So oft habe ich mir schon vorgenommen, auf jedes „letzte Mal“ in den Jahren zu hören. Nicht mehr weitermachen. Doch es ist ja immer irgendetwas zu tun. Die Geschichten der alten Lady erzählen. Und dann wird gesagt, du machst das gut mit der Öffentlichkeitsarbeit. Oder auch zu viel.

Nee, find ich gar nicht. Echt nicht. Also selbst ich bekomme nur einen kleine Teil der täglichen Geschichten hier mit. Und wenn wir mal ehrlich sind, dann kommt bei euch da draußen, wenn es hoch kommt, vielleicht 0,0001 % von diesen Geschichten an. Also eher wenig. Jetzt mal rein proportional. Ich würde es toll finden, wenn ich euch jede Geschichte erzählen könnte, wenn ich Worte fände, um euch Zentimeter für Zentimeter mitnehmen zu können. Ich versuche es.

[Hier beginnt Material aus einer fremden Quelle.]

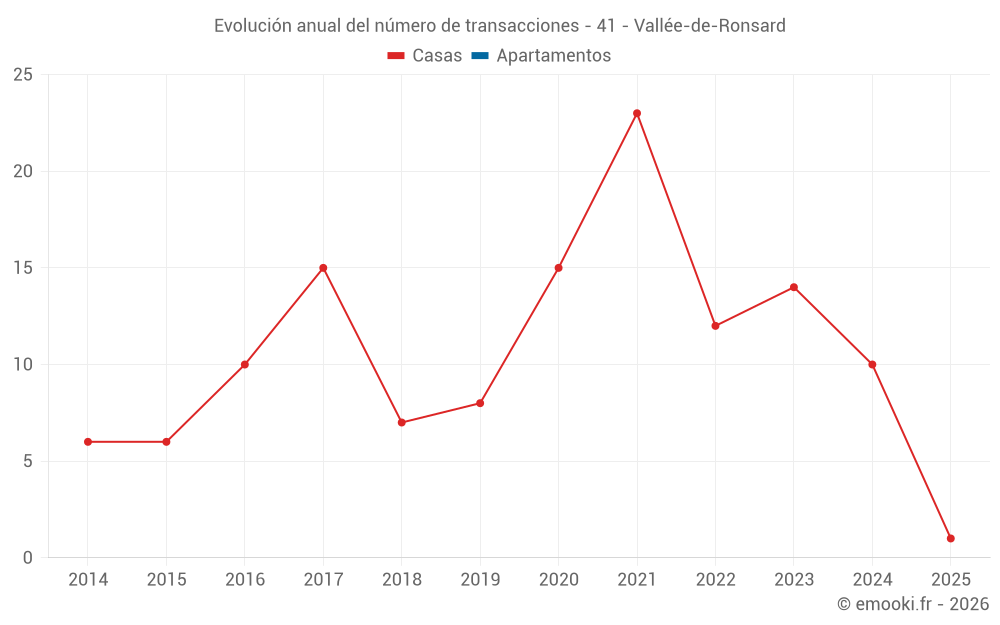 El precio mediano en las 21 transacciones de casas de los últimos 24 meses en la comuna de Vallée-de-Ronsard fue de 1 055 € por metro cuadrado para un valor patrimonial medio de 80 000 €. Durante este período el 60% de las transacciones estuvieron entre 550 y 1 419 € por metro cuadrado (del 2º al 8º decil).

Dieses Tierheim steht jetzt seit 15 Jahren. Ein stilles Jubiläum in einer chaotischen Zeit. Vor 15 Jahren stand ich hier und mein Leben stand in Flammen. Ich hab damals sehr erfolglos probiert, es mit Bier zu löschen. Die meisten Freunde in meinem Umfeld damals sangen von Liebe. Ich, ich sang die ganze Zeit von dir, alte Lady.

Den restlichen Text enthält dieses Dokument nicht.